I often want to remove certain elements from an index while retaining the original ordering of the index. For this reason a sort keyword in the index.difference
method would be required:
In: index = pd.Index([0, 1, 2, 4, 3])
In: index.difference({1, 2})
Out: Int64Index([0, 3, 4], dtype='int64')
# It would be cool to have instead
In: index.difference({1, 2}, sort=False)
Out: Int64Index([0, 4, 3], dtype='int64')

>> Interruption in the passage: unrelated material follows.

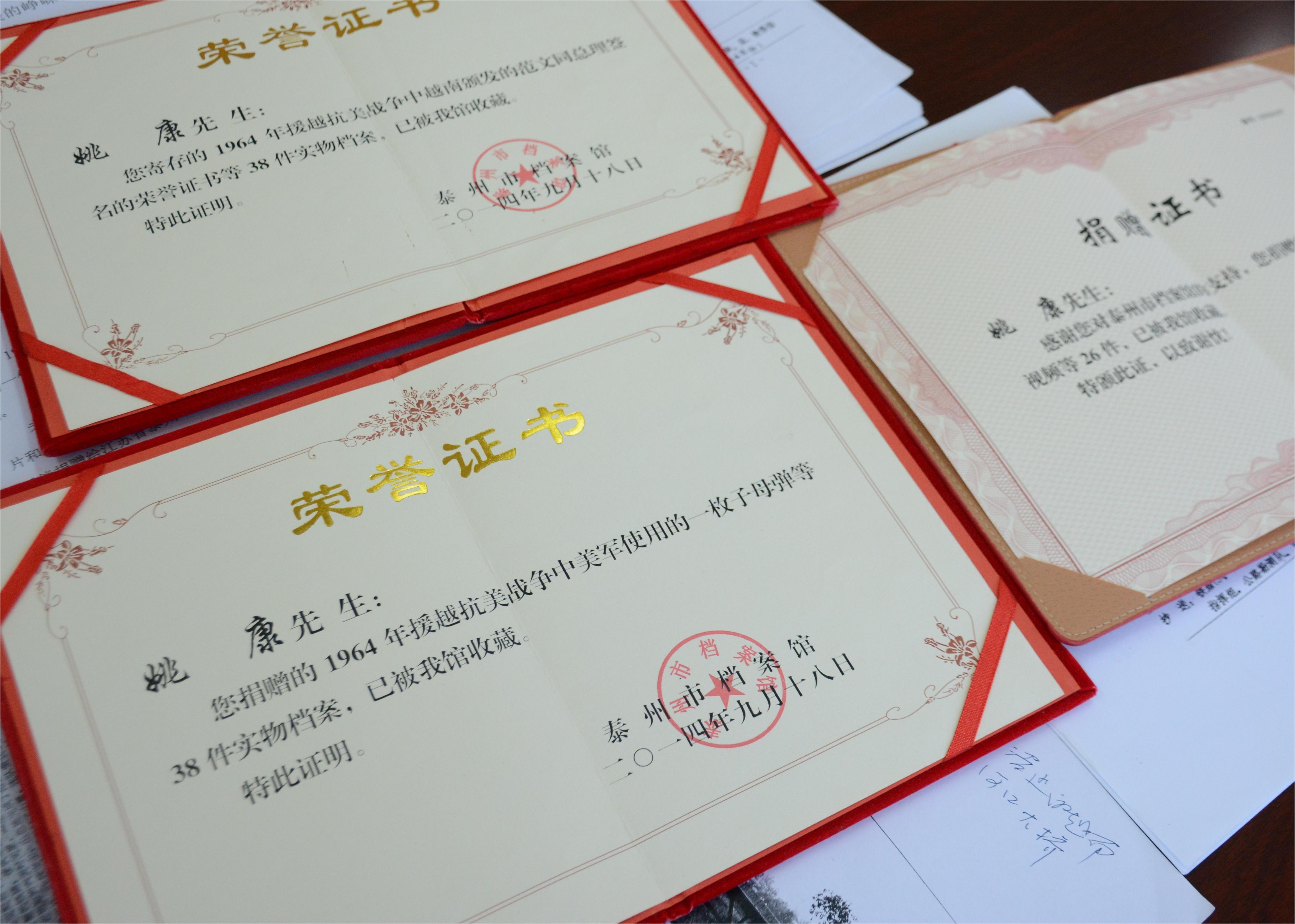 “这些是历史的见证,应该成为教育后人的教材。”姚康坦言,早在2014年,他就曾向泰州市党史方志办公室捐赠76件实物档案。

I think that this usecase appears frequently and setting the default to sort=True
doesn't affect existing code.
Comment From: TomAugspurger
+1 for this (and all the other set-ops).
@mcocdawc are you interested in submitting a pull request?
Comment From: mcocdawc
Interested definetely, but I don't have time for it now. :(
Comment From: Giftlin
I am interested in submitting a pull request. Can I?
Comment From: jreback
sure
Comment From: jreback
this needs to be done for all Index set methods (union, difference, intersect) and tested systematically. Further there are several related issues here:
xref #17010, #17378, #17376
Comment From: Licht-T
Oops, I am almost done patching in all Index classes.
difference
and intersection
are okay, but I have a question do we really need sort
option in union
?
Comment From: Licht-T
If the sort
option needed in union
, how do we define the unsorted union
order?
idx1.join(idx2.difference(idx1))
?
Comment From: jbrockmendel
The set methods all have sort keyword. Closing a complete.